● Recorded information
+-------+

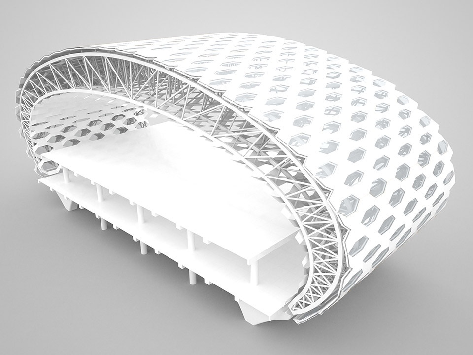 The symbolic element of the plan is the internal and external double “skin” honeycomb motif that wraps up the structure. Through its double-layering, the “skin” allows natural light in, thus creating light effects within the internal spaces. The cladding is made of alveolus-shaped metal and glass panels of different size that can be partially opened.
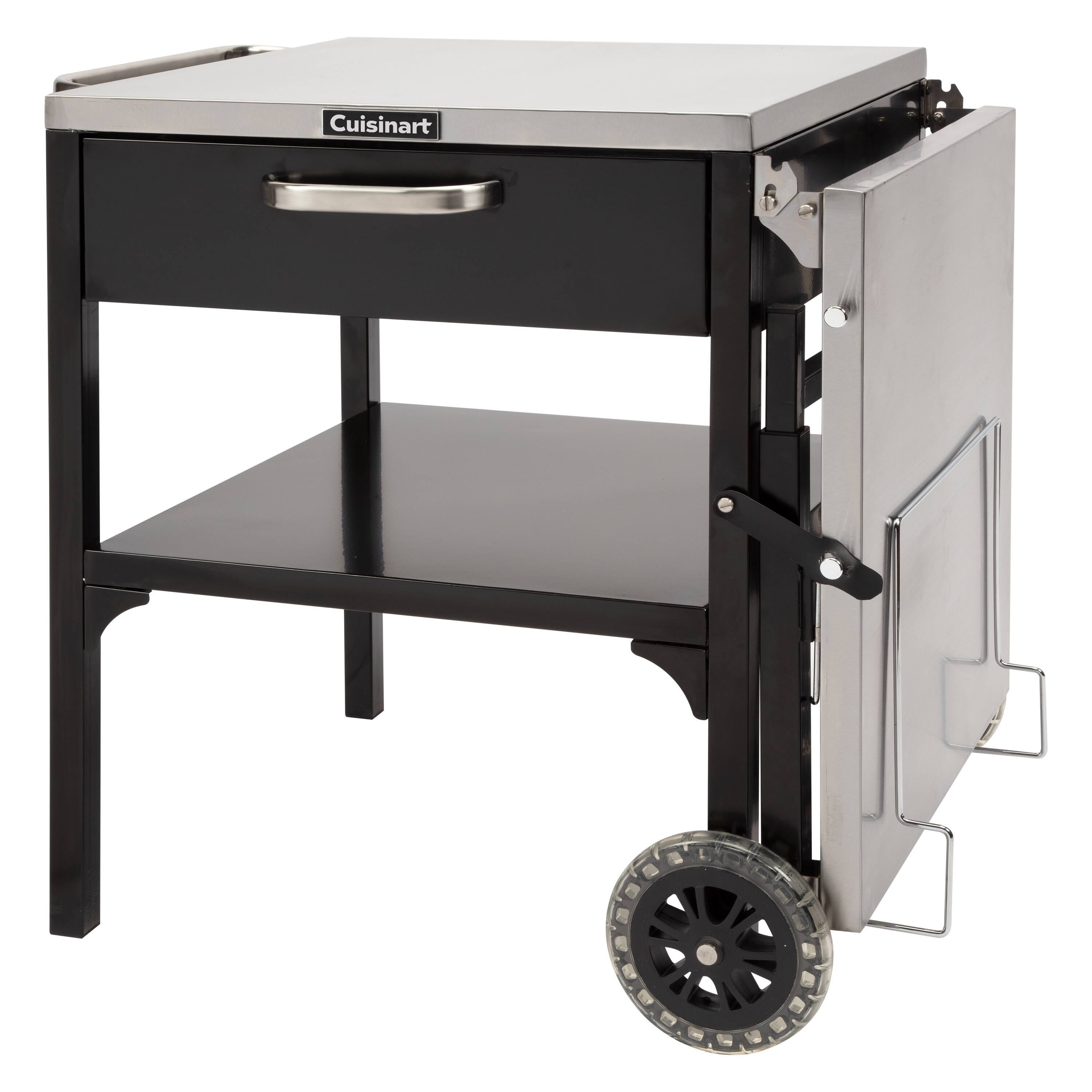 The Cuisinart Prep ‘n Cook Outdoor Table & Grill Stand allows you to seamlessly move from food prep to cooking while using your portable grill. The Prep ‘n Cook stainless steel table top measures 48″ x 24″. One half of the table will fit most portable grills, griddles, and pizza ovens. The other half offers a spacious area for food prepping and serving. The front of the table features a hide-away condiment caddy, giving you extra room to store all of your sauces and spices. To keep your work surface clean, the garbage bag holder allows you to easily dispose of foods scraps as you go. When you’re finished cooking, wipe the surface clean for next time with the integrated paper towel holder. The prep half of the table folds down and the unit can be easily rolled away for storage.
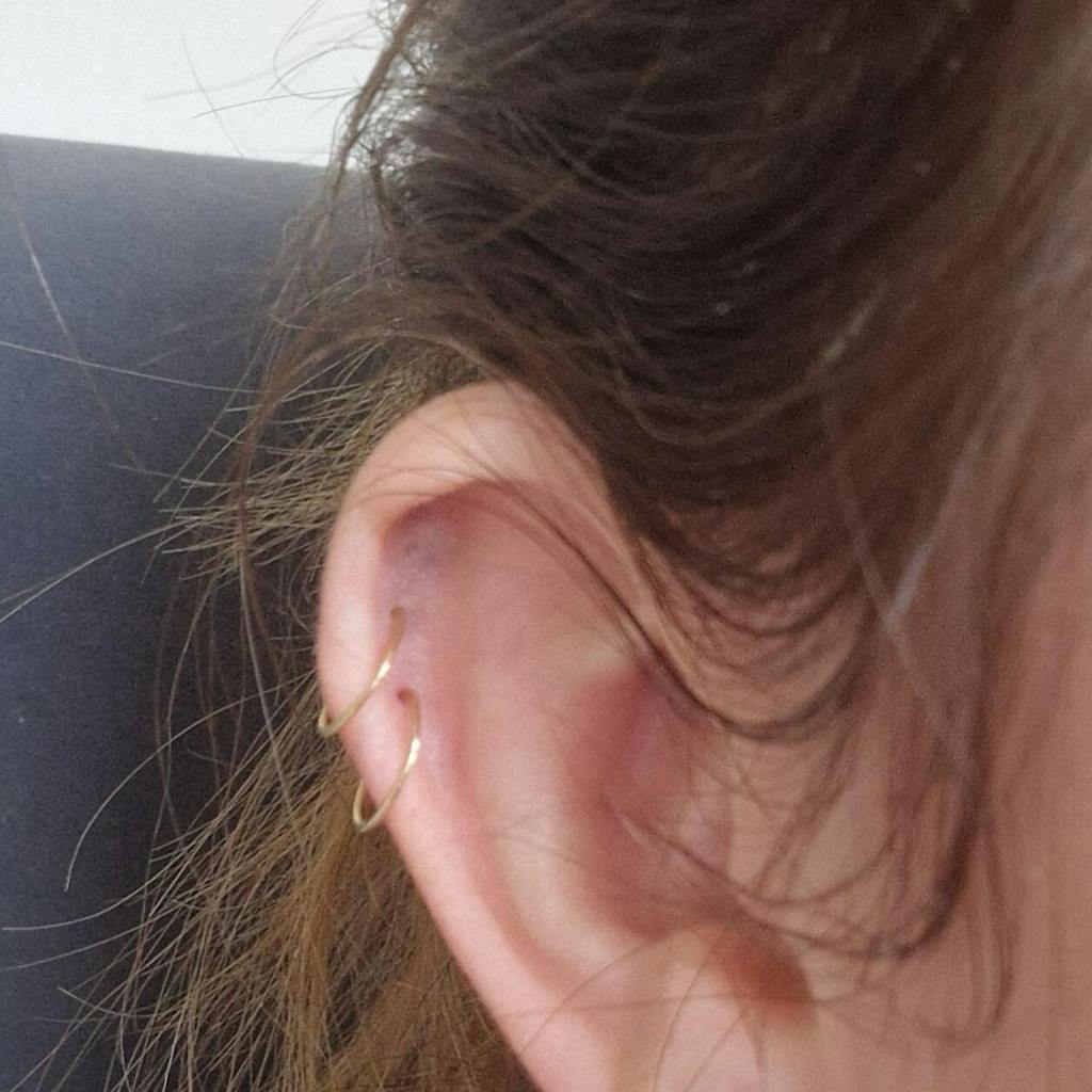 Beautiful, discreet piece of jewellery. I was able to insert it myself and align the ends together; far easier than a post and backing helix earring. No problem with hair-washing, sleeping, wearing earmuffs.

+-------+

● What you have to do
Print the data word for word and omit the pictures.

● Exercise response
 The symbolic element of the plan is the internal and external double “skin” honeycomb motif that wraps up the structure. Through its double-layering, the “skin” allows natural light in, thus creating light effects within the internal spaces. The cladding is made of alveolus-shaped metal and glass panels of different size that can be partially opened.
 The Cuisinart Prep ‘n Cook Outdoor Table & Grill Stand allows you to seamlessly move from food prep to cooking while using your portable grill. The Prep ‘n Cook stainless steel table top measures 48″ x 24″. One half of the table will fit most portable grills, griddles, and pizza ovens. The other half offers a spacious area for food prepping and serving. The front of the table features a hide-away condiment caddy, giving you extra room to store all of your sauces and spices. To keep your work surface clean, the garbage bag holder allows you to easily dispose of foods scraps as you go. When you’re finished cooking, wipe the surface clean for next time with the integrated paper towel holder. The prep half of the table folds down and the unit can be easily rolled away for storage.
 Beautiful, discreet piece of jewellery. I was able to insert it myself and align the ends together; far easier than a post and backing helix earring. No problem with hair-washing, sleeping, wearing earmuffs.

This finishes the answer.